HR were adjusted for age at baseline (years), cigarette smoking status (never, former, current), cigarette smoking duration (years, centred), cigarette smoking frequency (cigarettes smoked per day, centred), daily energy intake (kJ (kcal)), alcohol consumption (0, >0−<5, ≥5−<15, ≥15−<30, ≥30 g/d), BMI (<18·5, ≥18·5−<25, ≥25−<30, ≥30 kg/m2), non-occupational physical activity (≤30, >30–≤60, >60–≤90, >90 min/d), highest level of education (primary school or lower vocational, secondary school or medium vocational, higher vocational or university), family history of lung cancer (no, yes) and history of physician-diagnosed chronic bronchitis (no, yes).

A lower number of subjects could be included in these analyses as a result of missing values for salt intake.

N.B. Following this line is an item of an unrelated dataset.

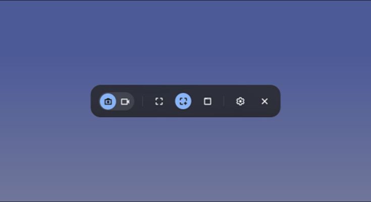A barra de ferramentas Captura de tela aparecerá na parte inferior da tela. Certifique-se de que o ícone de vídeo esteja selecionado para gravação de tela. O ícone da câmera só fará capturas de tela no seu Chromebook.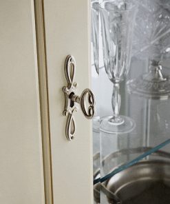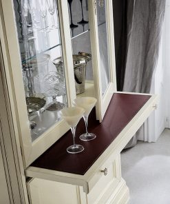 Витрина с обитой выдвижной полкой, 2 деревянными и 2 стеклянными распашными дверцами, с внутренней подсветкой. Полки выполнены из стекла. Декорирована резьбой. Зеркалная задняя стенка может быть обита тканью. Возможны другие варианты отделки.

§ Score based on WCRF/AICR dietary recommendations to prevent cancer.

|| Not adjusted for alcohol consumption.

Discussion

Higher MD adherence was associated with a non-significantly reduced lung cancer risk in the NLCS. HR for comparisons of high to low aMEDr values were 0·73 (95 % CI 0·49, 1·09) in women and 0·91 (95 % CI 0·72, 1·15) in men. Associations seemed to vary across the histological subtypes, though heterogeneity tests were not statistically significant. A borderline statistically significant inverse trend was observed in never smokers when the sexes were combined. In our study population, the performance of aMED was superior to that of mMED and better model fits were obtained when alcohol intake was not included in the score.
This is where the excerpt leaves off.